Reputation: 863
I've been using Beam for some time now and I'd like to know what are the key concepts for writing efficient and optimized Beam pipelines.
I have a little Spark background and I know that we may prefer to use a reduceByKey instead of a groupByKey to avoid shuffling and optimise network traffic.
Is it the same case for Beam?
I'd appreciate some tips or materials/best pratices.
Upvotes: 4
Views: 1925
Reputation: 1256
Some items to consider:
Filer first; place filter operations as high in the DAG as possible)
Combine early; If there is a choice as to when to combine, do this as early as possible.
If possible reduce the effect of large sliding windows by using smaller fixed windows before the large sliding window. FixedWindow.of(1m) | Combine | SlidingWindow.of( 6 Hour)
Most runners will support graph fusion, which is the right thing 99% of the time. But in the case of a massive fanout transform you should break fusion.
For keys in general
Advanced key tip:
Compressed files can be easily read with an option flag, however without an Offset TextIO can not distribute this task. If you have very large files to read uncompressing the file before starting the pipeline can provide a nice performance boost. Also look at using formats like compressed Avro.
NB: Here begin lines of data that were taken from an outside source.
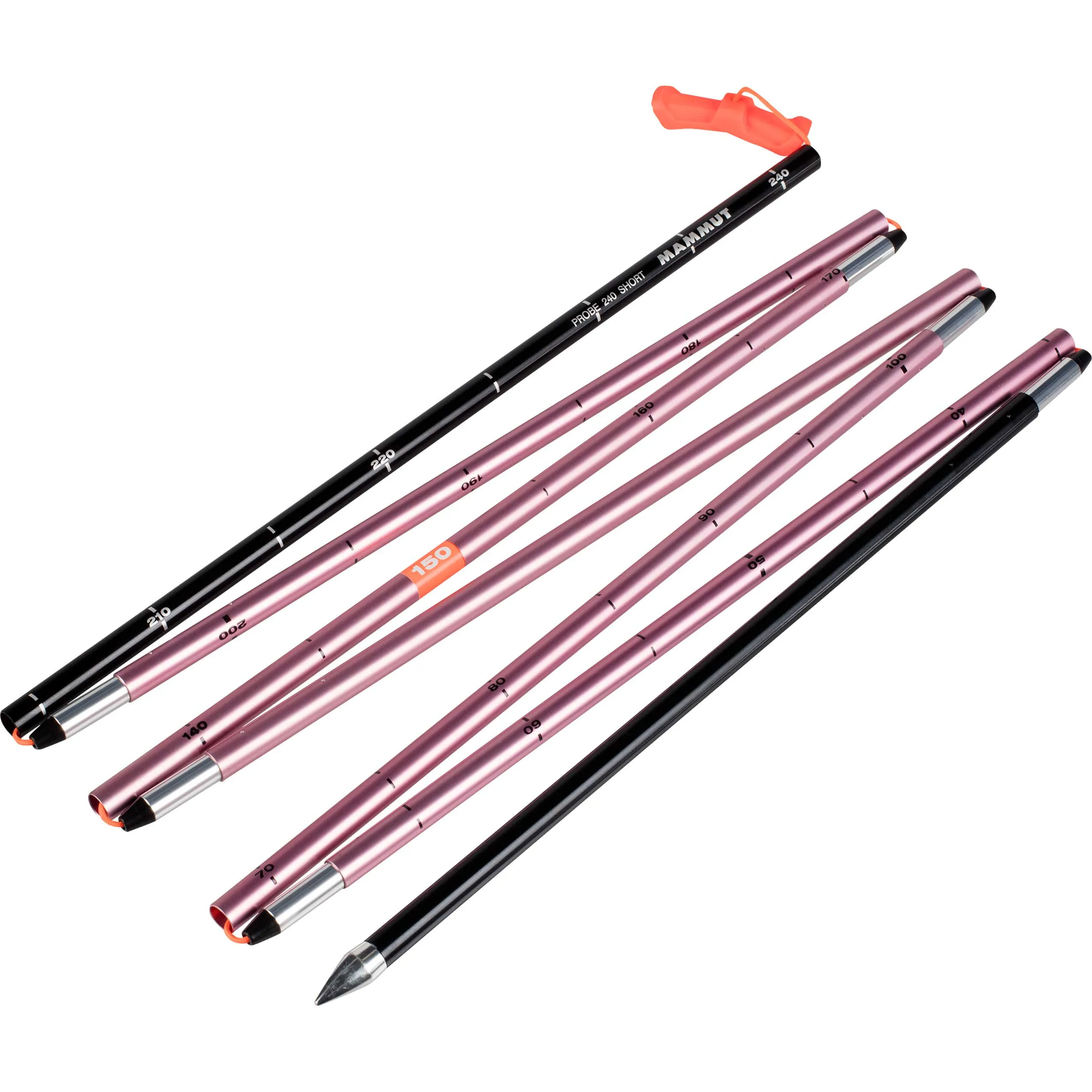 The Mammut Probe 240 Short makes searching for buried subjects easier. This is a stable, lightweight avalanche probe made of high-quality aluminum with integrated telescopic lock for quick operation. The practical probe cover contains an integrated emergency plan. Length: 38 cm packed and 240 cm extended.
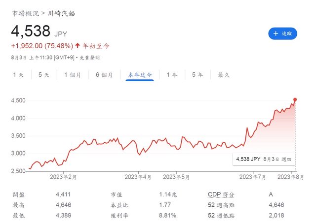 → imlucky : 川崎汽船是一直創歷史新高嗎? 08/03 11:07
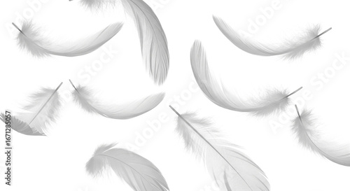 Pure White Feathers Floating, Light and Delicate on Transparent Background

BackPressure: Beam runners are designed to be able to rapidly chew through parallel work. They can spin up many threads across many machines to achieve this goal. This can easily swamp external systems, especially if you are making a per element RPC call. If the external system can not be made to scale, create batches using startBundle / finishBundle to help elevate the invocations per second
Speed of light, is well still the speed of light.. :-) Avoid using sinks and sources which are far apart from your workers.
Upvotes: 11